Extracellular matrix (ECM) proteins exert comito-genic effects on T cell activation in vitro, and may play a role in selective lymphocyte migration and tissue positioning in vivo. However, putative roles of ECM in host immune responses leading to graft rejection remain largely obscure. The present study evaluates intragraft expression of prominent ECM components, laminin (LN) and fibronectin (FN), and analyzes their interactions with host cellular repertoire in a well-defined cardiac allograft model in sensitized rats.

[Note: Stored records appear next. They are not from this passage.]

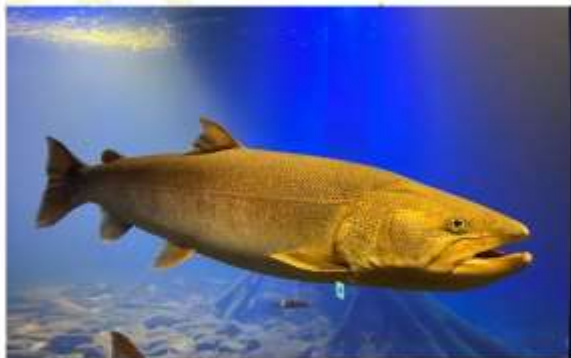
NORTHERN DAICHI AQUARIUM

เปิดโลกใต้ผืนน้ำทางเหนือที่ "พิพิธภัณฑ์สัตว์น้ำคิตะโนะไดจิ" อควาเรียมสุดล้ำที่ออกแบบมาเพื่อจำลองระบบนิเวศของแม่น้ำในฮอกไกโดได้อย่างสมจริงที่สุด ไฮไลท์สำคัญคือการชม "ปลาโอโตะ" ปลาน้ำจืดขนาดยักษ์ในตำนานที่หาชมยาก และดูกระเจกที่ออกแบบพิเศษให้เห็นปลากระโดดทวนน้ำท่ามกลางบรรยากาศป่าไม้ที่สวยงาม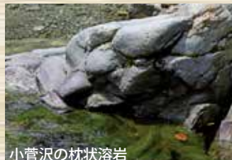
小菅沢の枕状溶岩

酒匂川の河原では、枕状溶岩のかけらがよく見つかります。枕状溶岩はどこから来たのでしょうか。川の水で運ばれてきた石ですので、酒匂川をさかのぼって探していけば見つかるはずですよ。 丹沢山地では、枕状溶岩は東側の中ノ沢(相模原市緑区鳥屋早戸川の支流)の標高900m付近に産出することが以前から知られていました。私は野外調査の中で、8年ほど前に松田町寄地区中津川上流の寄沢の河原で枕状溶岩を多数見つけました。その後、多くの方の調査により丹沢山地西側にも数多く存在することがわかってきました。松田町寄地区の水棚沢では海拔850m付近に大規模な露出があり、また、山北町玄倉地区の小菅沢橋の上流には数多くの転石が見られます。約1700万年前から、丹沢山地をつくる海底火山の噴火が起こりました。 枕状溶岩になる粘性の低い玄武岩質マグマは、海底で海水と反応しても水蒸気爆発を起こさず、練りわさびのように海底で何本も流れ出し、重なり合って固まったことが写真からわかります。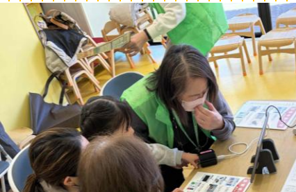
保健活動推進委員の皆さんによる健康 チェック! 皆さん、いかがでしたか?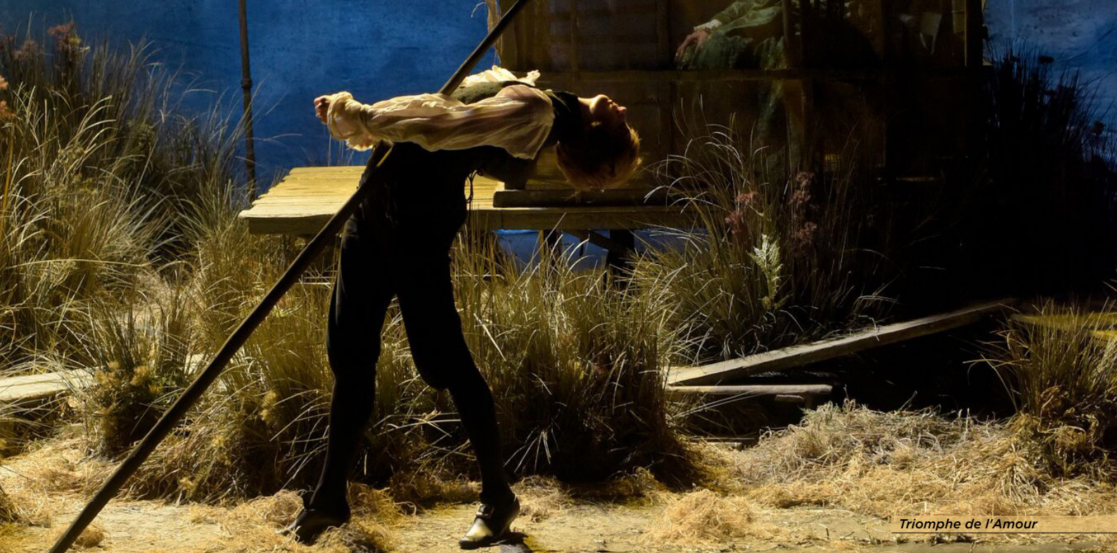
Triomphe de l'Amour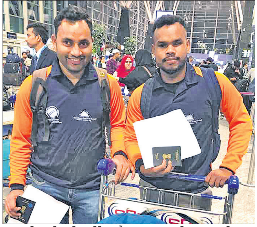
ଜାମାଜକା ବିପକ୍ଷ ଦୁଇଜଣ କ୍ରିକେଟ ସିନ ବୋଲି ଭାରତୀୟ ଦଳରେ ସାମିଲ ହୋଇଥିବା ଓଡ଼ିଶାର ବୁଲ୍ କ୍ରିକେଟର ଜାମାଜକା ଓ ପଙ୍କଜ କୁଏ।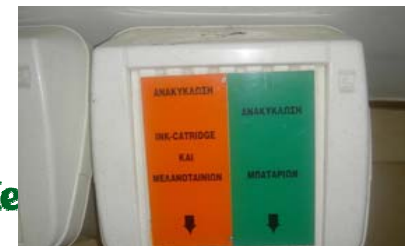
Κάδος μελανοταινιών και μπαταριών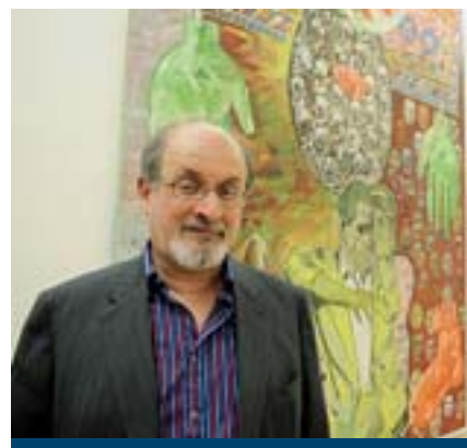
Salman Rushdie, protagonista della rassegna «Le conversazioni»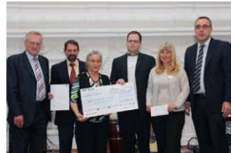
Preisverleihung des Eine-Welt-Preises Baden-Württemberg im Neuen Schloss am 13.11.10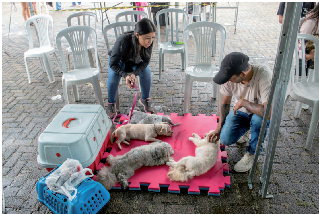
A ação aconteceu no Centro da Juventude e beneficiou 859 animais, sendo 509 cães e 350 gatos

Piraquara recebeu o Programa Castra + Paraná, uma parceria da Prefeitura de Piraquara, por meio da Secretaria de Meio Ambiente, com o Projeto do Deputado Federal Matheus Laiola que realizou um mutirão de castrações gratuitas de cães e gatos.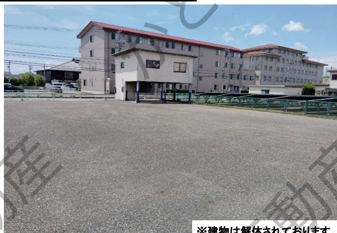
※建物は解体されております。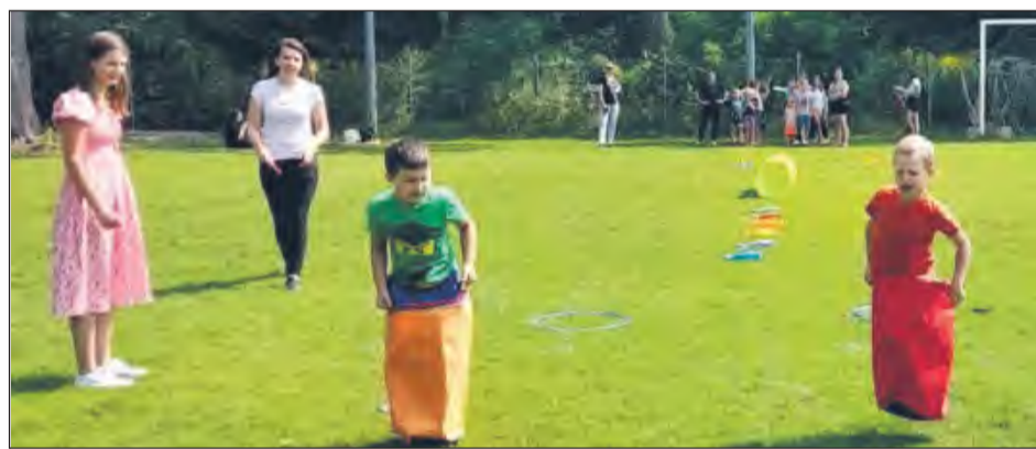
Rozrywka z elementami rywalizacji spodobała się maluchom w Rososzy. Na zdjęciu konkurs skakania w workach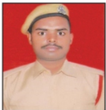
MOHAMMAD ALI JTPL Ltd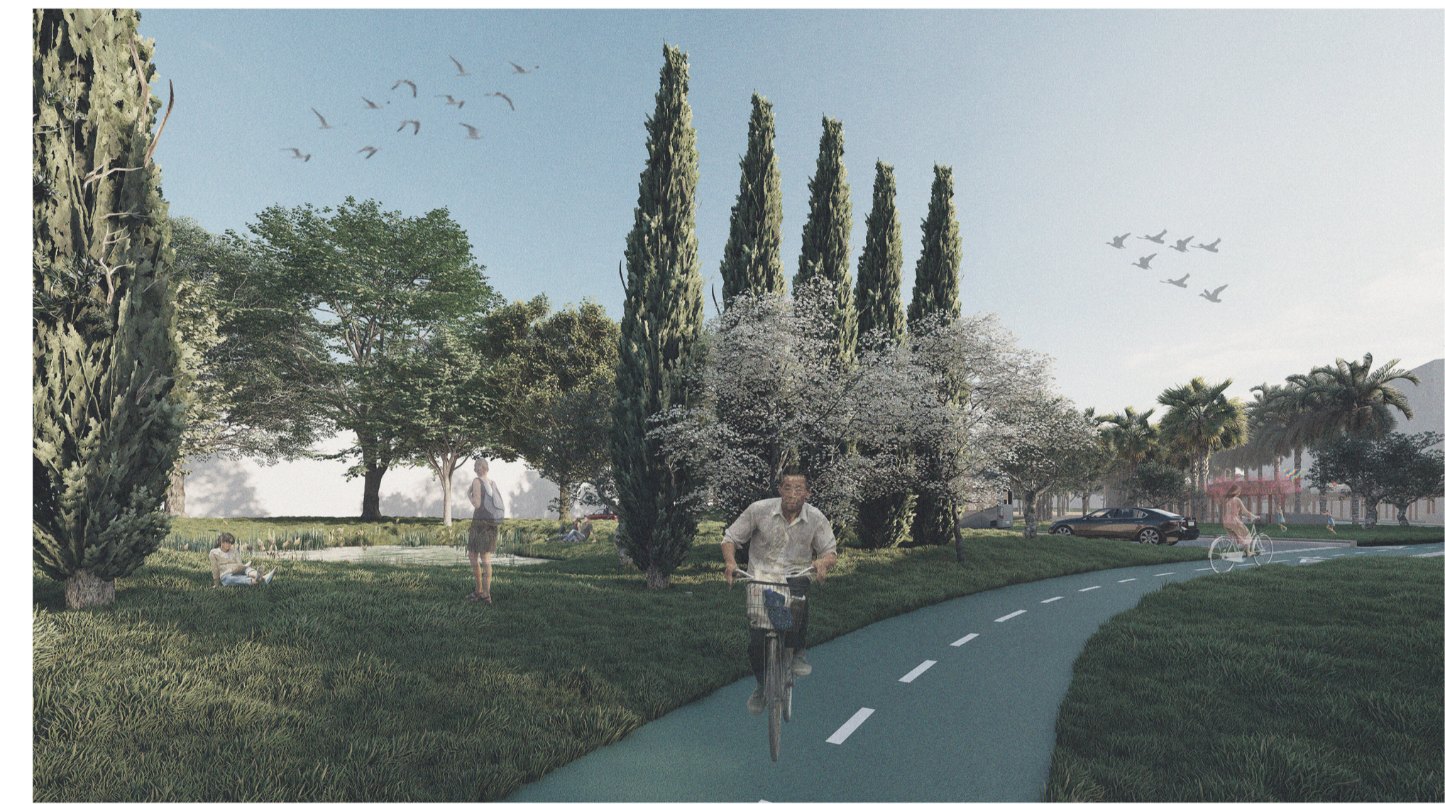
Ciclovia no atravessamento da nova rotunda, com palmeiral ao fundo.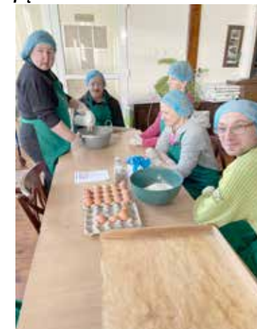
Uczestnicy przygotowują dietetyczne pączki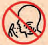
Mund und Nase beim Husten oder Niesen abdecken. Beschriften Sie die Hust- und Niesetikette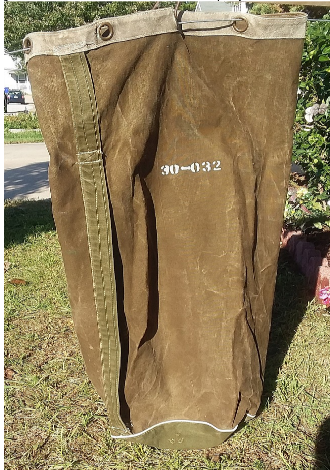
Jueves Agosto 1º, 1957 Escuela Naval (Tula) (Oct. 28, 2018)

Dos semanas más tarde, cuando no era parte de la guardia de turno entré al calabozo en el rancho del segundo piso después de la comida del viernes. Era un closet de unos 2x1 metros de piso de baldosín y con un hueco como ventana pequeña más arriba de la puerta, allí se almacenaban mapas, baldes y otros utensilios para la limpieza del edificio.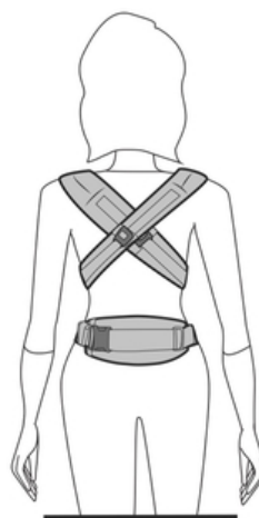
クロス装着も可能

(LEWxBN)F1 cardiac allografts are rejected within 24 hr in sensitized LEW rats. Immunohistochemical analysis has revealed that this brisk rejection response was associated with an early increase in the intermyocyte and endothelial deposition of LN and FN at the graft site, with their peak at 6 hr after transplantation. The upregulation of ECM preceded intra-graft cellular infiltration, which at 6 hr consisted primarily of monocytes and macrophages. The infiltrating cells localized selectively in FN-rich cardiac interstitial and perivascular areas, as documented by two-color staining and laser scanning confocal microscopy. Marginal and transient increase in ECM expression was noted within control isografts. Next, we tested the role of ECM proteins in systemic lymphocyte recirculation. Specifically sensitized lymph node lymphocytes (LNL) were labelled in vitro with a DNA-binding fluorochrome, H33342, and injected i.v. into secondary engrafted recipients, which were sacrificed 6 hr later. These LNL were detected within host cervical lymph nodes in close association with FN deposits. Moreover, LNL labeled in vitro with a cationic membrane-binding fluorochrome, Di “I”, were traced in hosts the lymph nodes of which were analyzed for simultaneous detection of LN and FN. Again, transferred LNL migrated selectively to FN-containing compartments, as shown by laser scanning confocal microscopy.
Thus, ECM proteins should be regarded as active and important participants in host immune responses leading to graft rejection. FN may act as an ECM component “signal” for graft-infiltrating cells, and may play a key role in selective homing and specific tissue positioning of recirculating specifically sensitized lymphocytes in host peripheral lymphoid tissues.